- [What the exercise asks]: All that belongs in the answer is the lines from the one containing "Wir schlüpften wieder" to the end of the listing below, copied exactly, pictures excluded.
..........
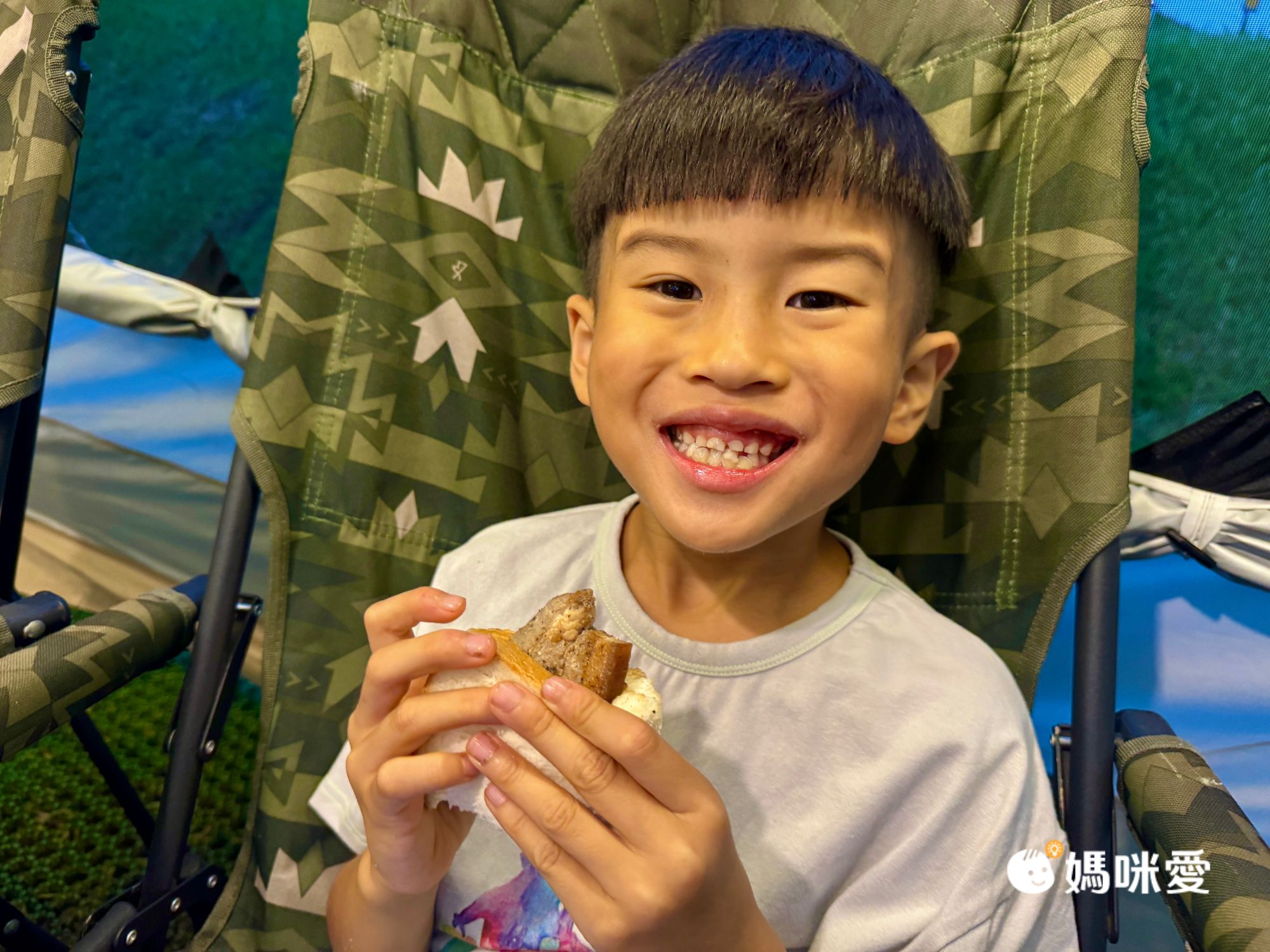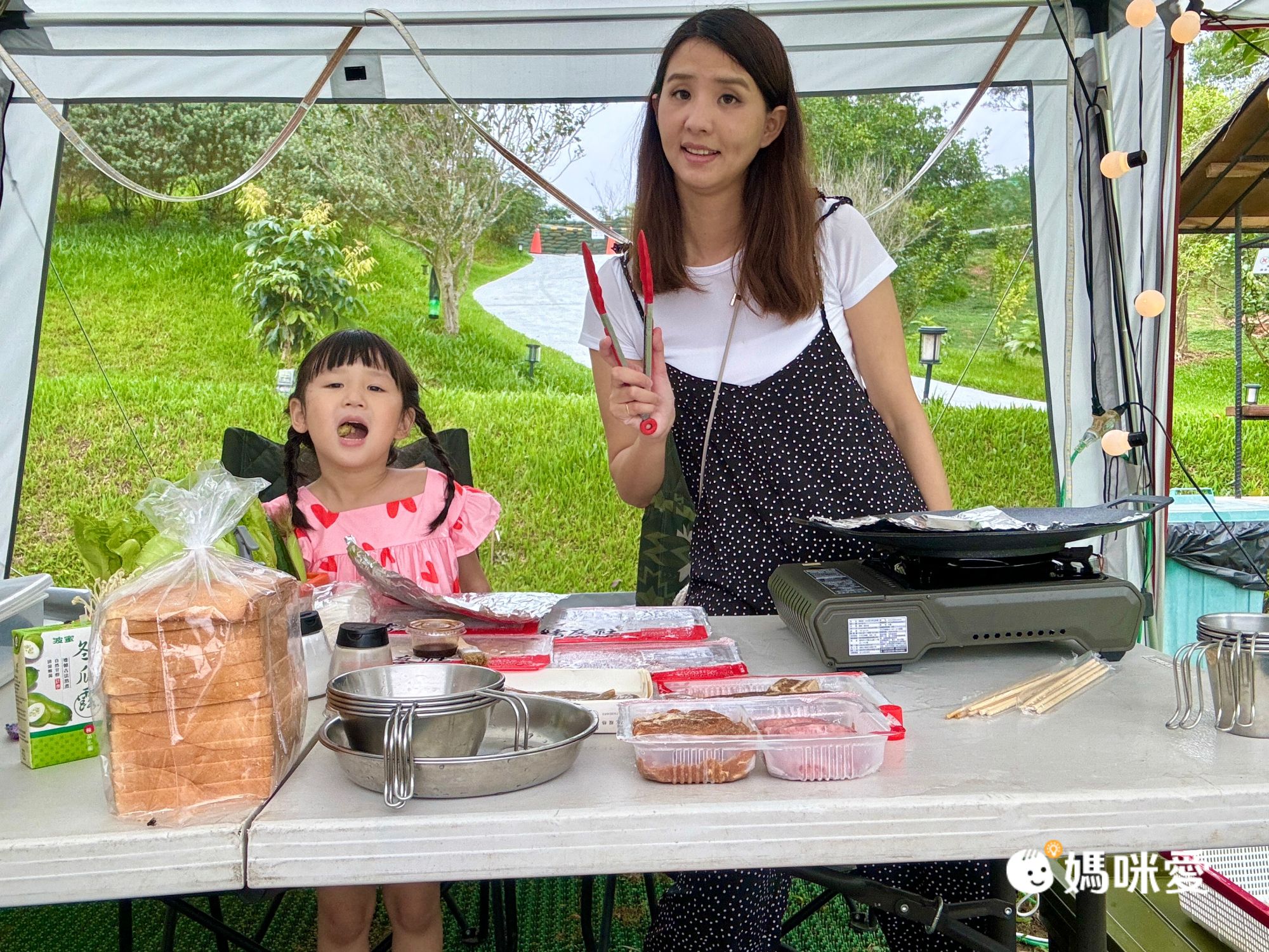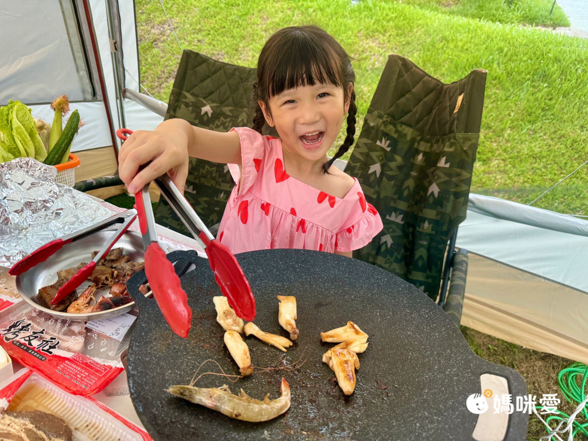 晚餐是豪華火烤晚餐,17:00工作人員就會依序送食材給各個帳篷,紅豆這次完全是媽媽的小幫手,Willson就負責盡情的吃XD
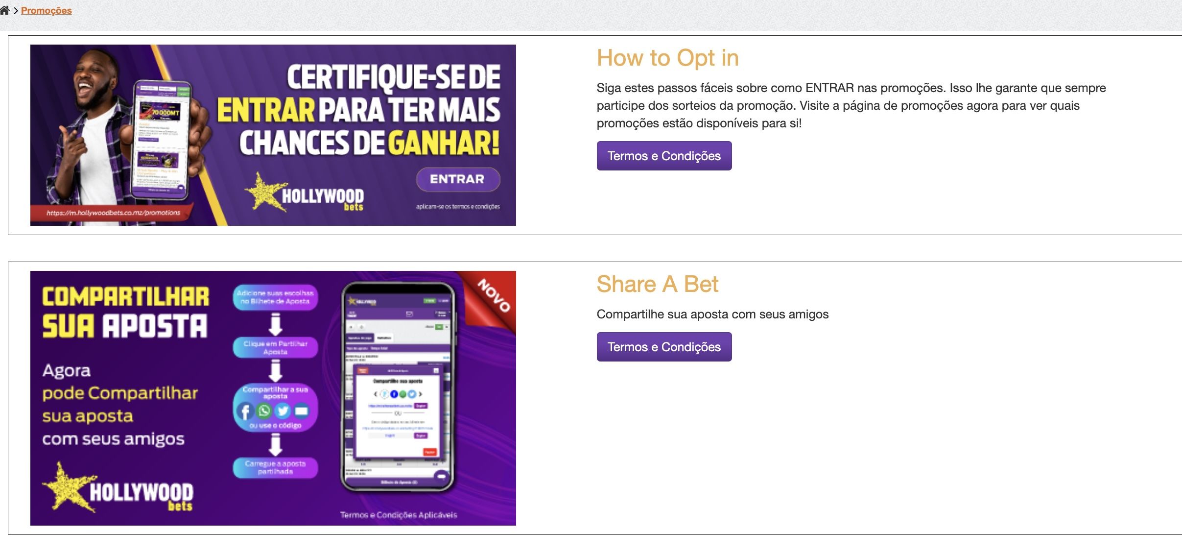 No site da Hollywoodbets é possível encontrarem-se vários tipos de bónus: Desde Referir um Amigo, Dinheiro de Volta e Recargas Grátis. Não existe nenhum bónus de boas-vindas nesta casa de apostas. Também não existe programa de fidelidade disponível.
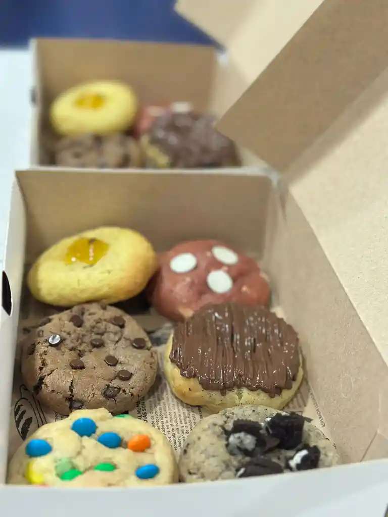 Galletas de suave textura, rellena y con toppings al estilo New York Cookies, 50 a 55 gramos Aprox. Cada Una Caja con 6 galletas surtidas: Oreo Crush Red Velvet Limón Maracuyá Nutella Lovers Doble chocolate M&M Explosión
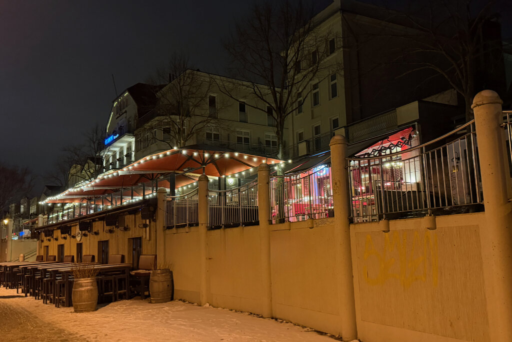 Wir schlüpften wieder durch die kleine Maueröffnung in der Wand der Mole und liefen über den Alten Strom zurück zum Bahnhof. Auch dort waren nur wenige Menschen unterwegs. Die Restaurants hatten noch geöffnet und boten Sitzplätze draußen an. Unter Wärmelampen und einer Decke lässt es sich vielleicht aushalten. Die Atmosphäre ist wirklich schön. Aber nach unserem langen Winterspaziergang hätten wir nicht draußen sitzen können. Uns wurde auf dem Rückweg schnell wieder kalt.
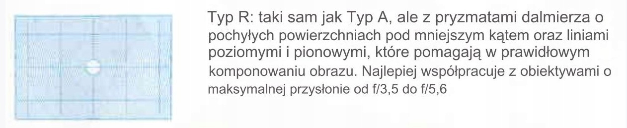 - type h - полный -экран, очень яркий микропризм; Он также не может оценить глубину резкости. Четыре версии (H1 - H4) для использования с объективом с определенным фокусным расстоянием. Предназначен для спортивной фотографии, но непопулярной, потому что изменение линзы может потребовать изменения экрана.
..........
- [Task solution]:
 Wir schlüpften wieder durch die kleine Maueröffnung in der Wand der Mole und liefen über den Alten Strom zurück zum Bahnhof. Auch dort waren nur wenige Menschen unterwegs. Die Restaurants hatten noch geöffnet und boten Sitzplätze draußen an. Unter Wärmelampen und einer Decke lässt es sich vielleicht aushalten. Die Atmosphäre ist wirklich schön. Aber nach unserem langen Winterspaziergang hätten wir nicht draußen sitzen können. Uns wurde auf dem Rückweg schnell wieder kalt.
 - type h - полный -экран, очень яркий микропризм; Он также не может оценить глубину резкости. Четыре версии (H1 - H4) для использования с объективом с определенным фокусным расстоянием. Предназначен для спортивной фотографии, но непопулярной, потому что изменение линзы может потребовать изменения экрана.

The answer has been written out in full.